Saturday, June 20, 2015

Travis Ludvigson AN INTERVIEW

What is the name of your story in Heroika, and in what setting does it take place?

My story is titled “Night Stalkers” and begins in 772 AD in Eresburg, Saxony. It takes place during the time that Charlemagne was setting out to conquer the Saxons.


Tell us about your story and the underlying theme

The heroic ethos is a huge part of all the stories in this anthology (hence the name, Heroika). In particular, Heroika 1: Dragon Eaters is based on the idea of the snake eaters, a nickname given to Special Forces soldiers. The characters in “Night Stalkers” (the name is taken from the 160th Special Operations Aviation Regiment – Airborne, who conduct stealthy nighttime operations) are a group of hardened warriors trained to fight using small unit, covert tactics to harass and destroy the enemy’s will and operational capabilities. In the story, that means pursuing and slaying the dragons that appear to be the secret weapon of the Saxons.

I took the famous Twelve Peers of Roland and turned them into a hardcore special ops unit, lurking in the shadows and spreading fear rather than charging about on the open field of battle.

Night Stalkers is a story of heroic action, overcoming seemingly insurmountable odds, and unquestionable loyalty amongst brothers-in-arms.

Do you strive for historical accuracy or sacrifice it to better fit the story?
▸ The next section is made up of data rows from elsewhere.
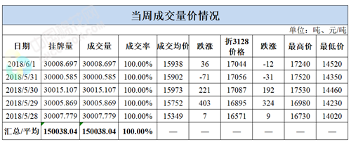 累計情況:截至6月1日,累計計劃出庫174萬噸,累計出庫成交112.3萬噸,成交率為65%;成交最高價17530元/噸,最低價12700元/噸。
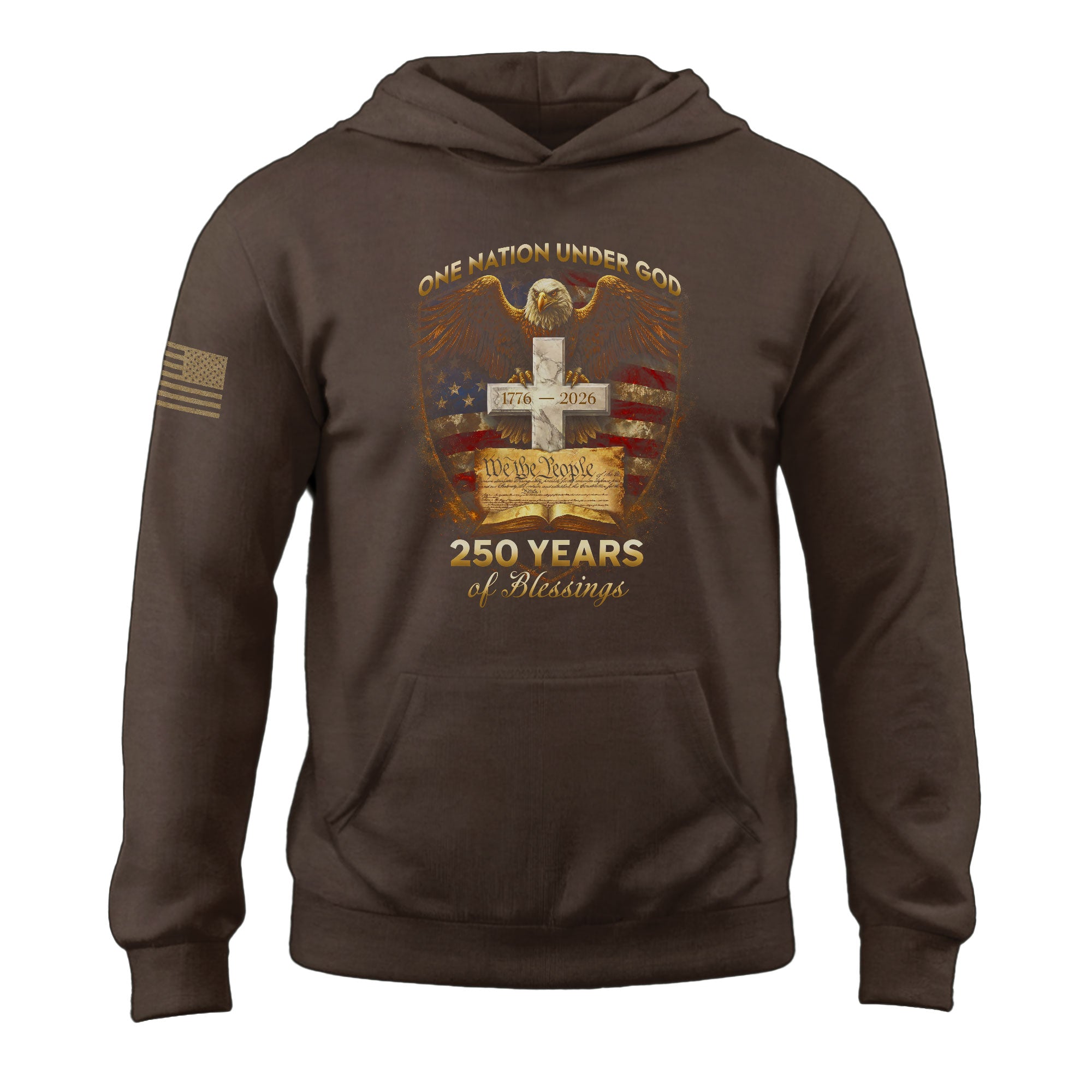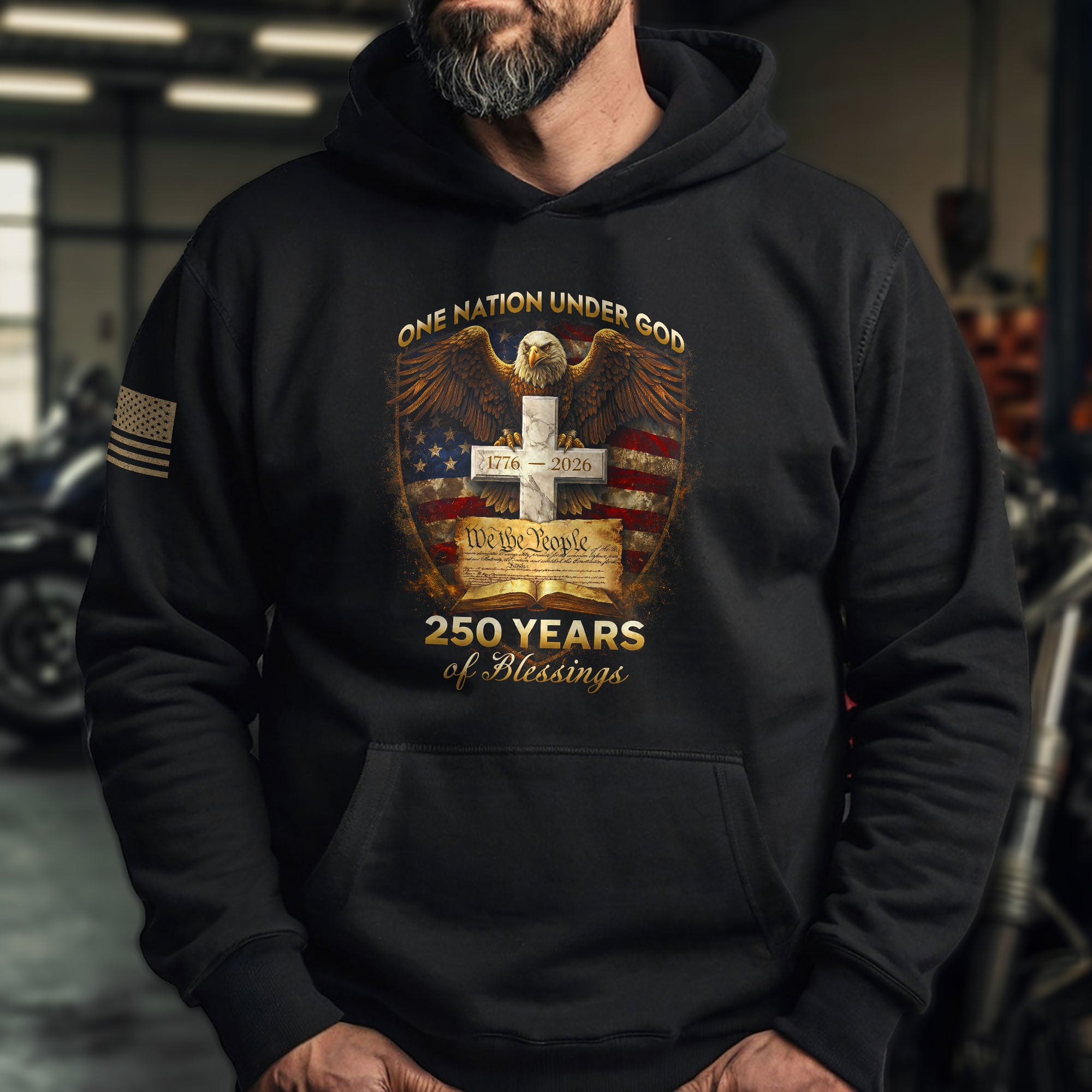 USA 250th Anniversary Hoodie 1776-2026 Patriotic Flag Eagle Cross One Nation Under God
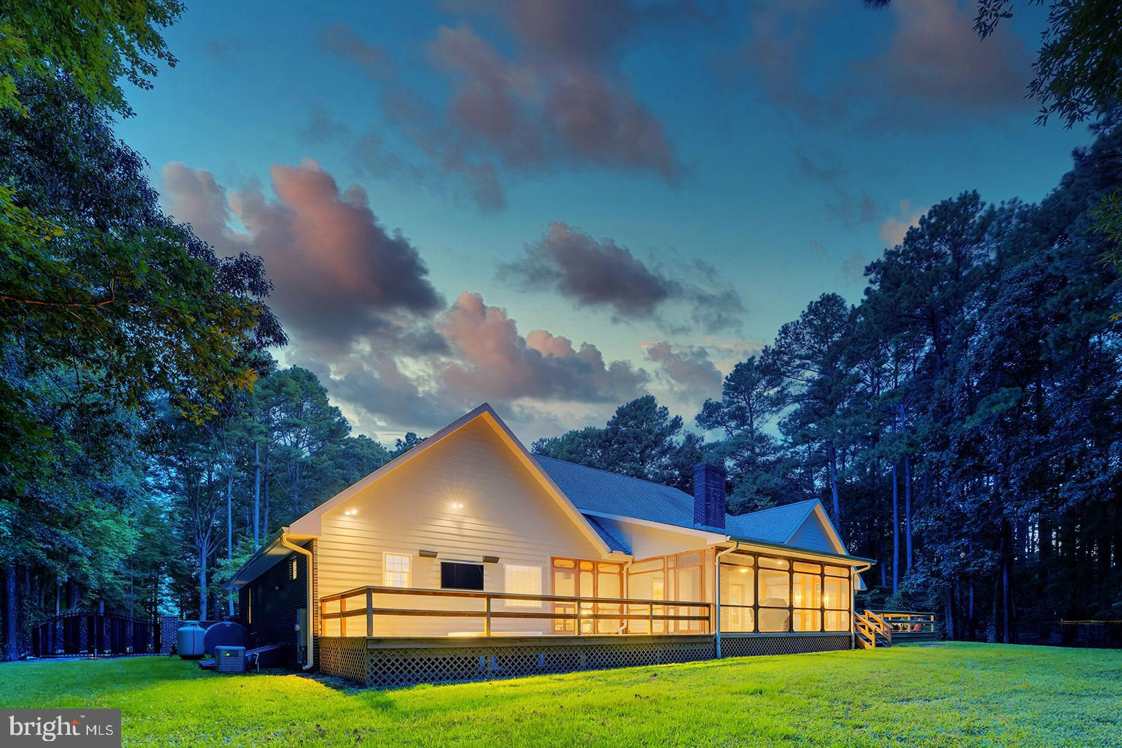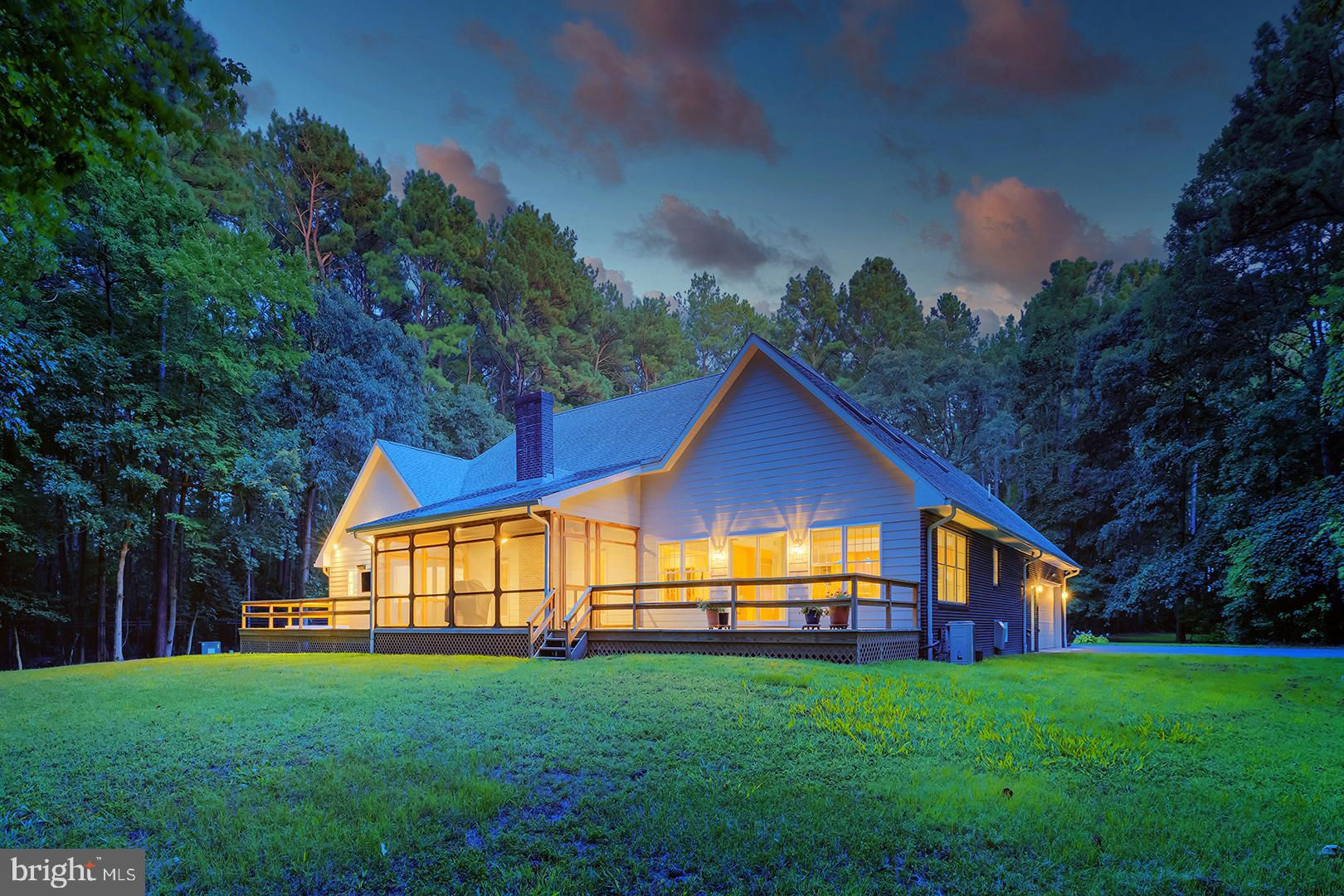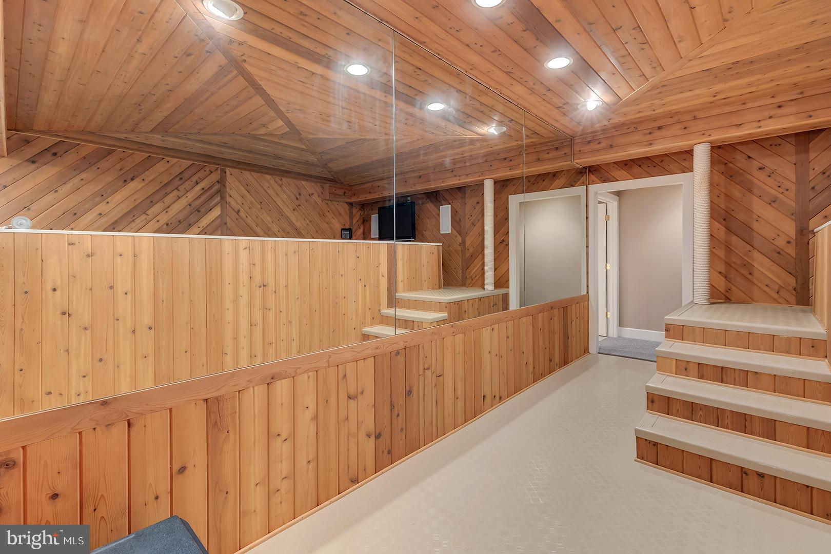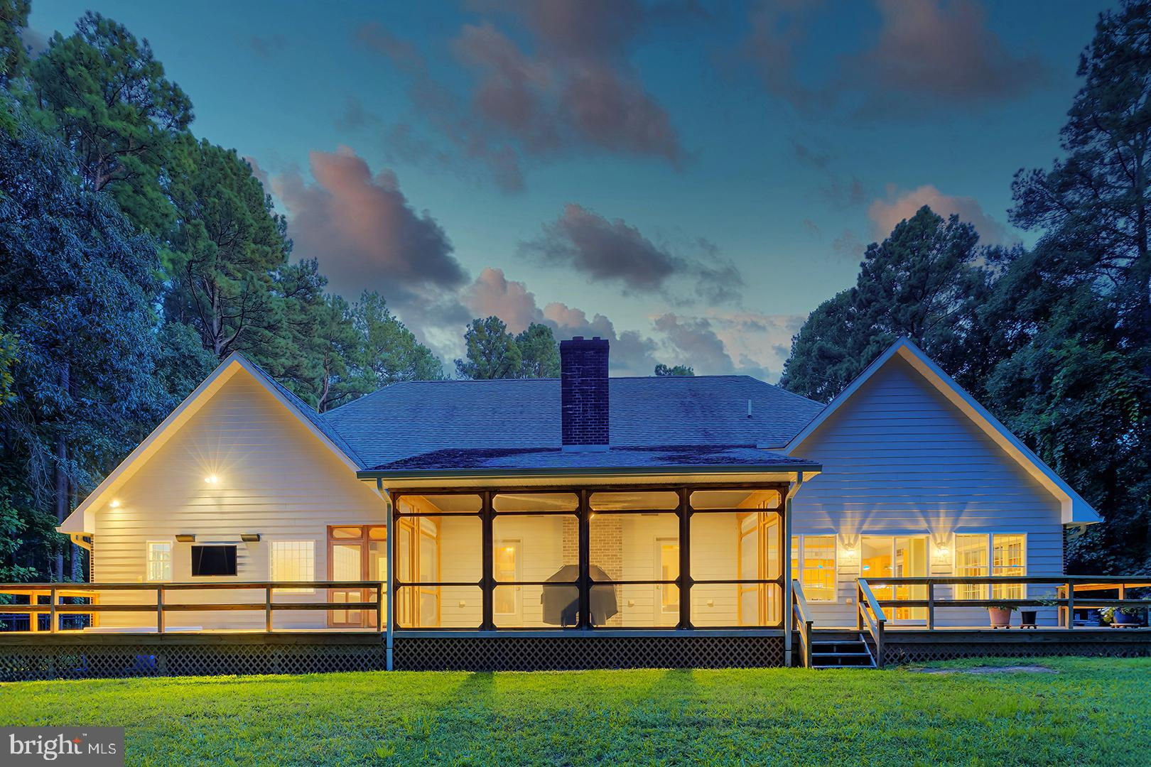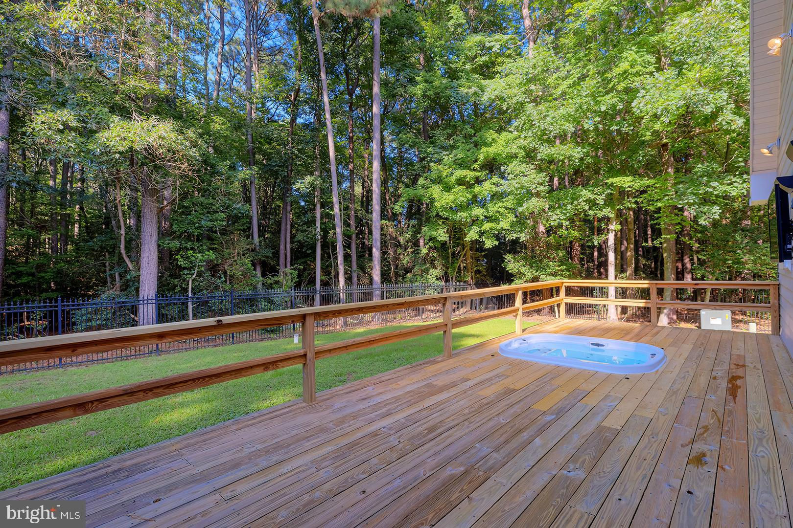 Nestled on more than 3 acres of lush, wooded land, this custom home offers an unparalleled sense of privacy and tranquility. A lighted fountain welcomes you at the center of the circular driveway, setting the tone for the sophisticated yet serene atmosphere of the property. Designed for both grand entertaining and intimate gatherings, the open-concept kitchen is a culinary haven designed by the producer of Emeril Lagasse's TV show and encompasses all of the same appliances as on the show. It flows seamlessly into the expansive great room, while a large deck with hot tub and sunlight weatherproof flat screen TV, and screened porch offer perfect spaces for relaxation or hosting guests in any season. There are 2 powder rooms: one at the foyer entry and one near the butler pantry next to the kitchen. The "Media & Wellness" level is a sanctuary in itself, featuring a state-of-the-art home theater, a resistance pool for fitness and relaxation, a massage room (which can also function as a fourth bedroom), a changing area, and a convenient 3/4 bathroom. Radiant heated floors run throughout the home, ensuring comfort no matter the season. The main level houses the primary bedroom suite, offering a peaceful retreat, while two additional bedrooms and a shared bathroom also reside on this level, making the home perfect for families or guests. The property is fully gated and fenced, with dense woods encircling the perimeter to enhance the seclusion and privacy of this exceptional estate. Set back from the road, the home exudes a serene atmosphere, providing an oasis of calm just moments away from everyday conveniences
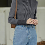 ☆身頃は程よくゆとりを持たせつつも、縦リブ編みの効果でボディラインをすっきりと見せてくれ、細見え効果のあるシルエットです。
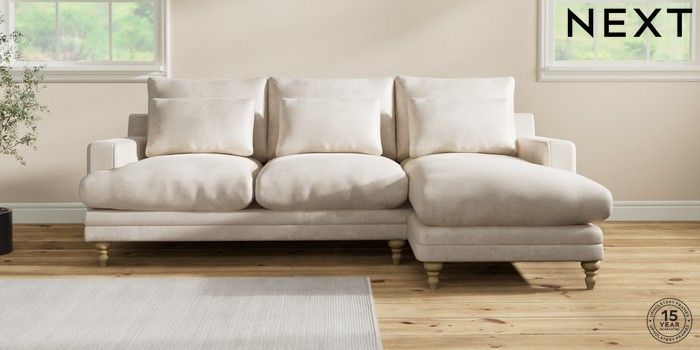 7.0.3 Buy Hutton Deep Relaxed Sit Medium Sofa Chaise - Right Hand Plush Chenille Oyster Country Turned - Light from the Next UK online shop Click here to use our accessible website
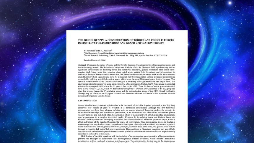 Resumen: Las principales fuerzas que impulsan la dinámica de agujeros negros, estrellas de neutrones, púlsares, cuásares y supernovas tienen ciertos puntos en común con los mecanismos de sistemas menos tumultuosos como las galaxias y la dinámica estelar y planetaria. Implican procesos gravitatorios, electromagnéticos y de partículas individuales y colectivas. Examinamos las estructuras coherentes colectivas del plasma y sus interacciones con el vacío. En este trabajo presentamos una ecuación de equilibrio y, en particular, el equilibrio entre sistemas gravitatorios extremadamente colapsantes y sus medios de plasma energéticos circundantes. De particular interés es la dinámica de los medios plasmáticos, la estructura del vacío y el acoplamiento de las fuerzas electromagnéticas y gravitatorias con la inclusión de los fenómenos de torsión y Coriolis, tal como describe la solución de Haramein-Rauscher a las ecuaciones de campo de Einstein. La naturaleza exótica de los agujeros negros complejos implica no sólo al propio agujero negro, sino también al medio plasmático que lo rodea. Las principales fuerzas implicadas son intensas fuerzas gravitatorias de colapso, potentes campos electromagnéticos, carga y momento angular de espín. Encontramos soluciones plasmáticas solitónicas o magnetoacústicas a las ecuaciones relativistas de Vlasov resueltas en las proximidades de las ergósferas de los agujeros negros. Se dan estados colectivos fonónicos o plasmónicos de los campos plasmáticos. Utilizamos el formalismo Hamiltoniano para describir los estados colectivos de la materia y los procesos dinámicos dentro del plasma permitiéndonos deducir una posible estructura polarizada del vacío y una física unificada.
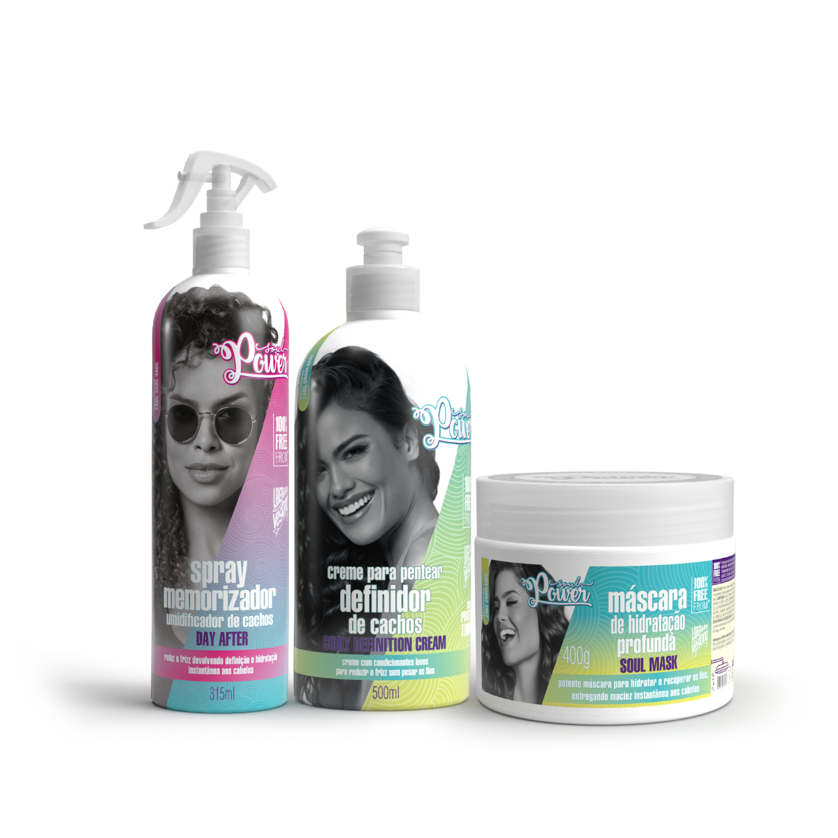 Soul Power Soul Mask Mascara 400g - 1/nSoul Power Curly Definition Cream Creme para Pentear 500ml - 1/nSoul Power Day After Umidificador Memorizador Spray 315ml - 1

I believe in the importance of historical accuracy and would never sacrifice just to make something fit. I make adjustments to the story to ensure that everything is historically accurate. Now, in the case of fantasy, I will take some artistic license because that’s what is required. Yet even then I still try to build on what history reveals. For instance, while dragons are a part of myth and fantasy rather than historical fact, I still relied on the lore to help create monsters that reflected those historical ideas.

How much research did you conduct?

I studied the geography of the land where my story takes place, the type of armor and weapons employed, and historical events of that time to ensure my story was an accurate portrayal of the time.

Which is more important: action or dialogue?

It depends on the story. I tend to lean towards action, because I want to immerse the reader in the excitement and danger of the story. The dialogue keeps the story moving and provides insight into the characters and their motives for sure, but in a short story about killing dragons, it seems that action wins out.


Why write about dragons?

They are the representation of the primordial forces in our world. A physical manifestation of the monster that is both powerful and intelligent. To slay a dragon is to prove one’s ability to face down any challenge in life.

Plus, let’s face it, heroes battling dragons is just awesome.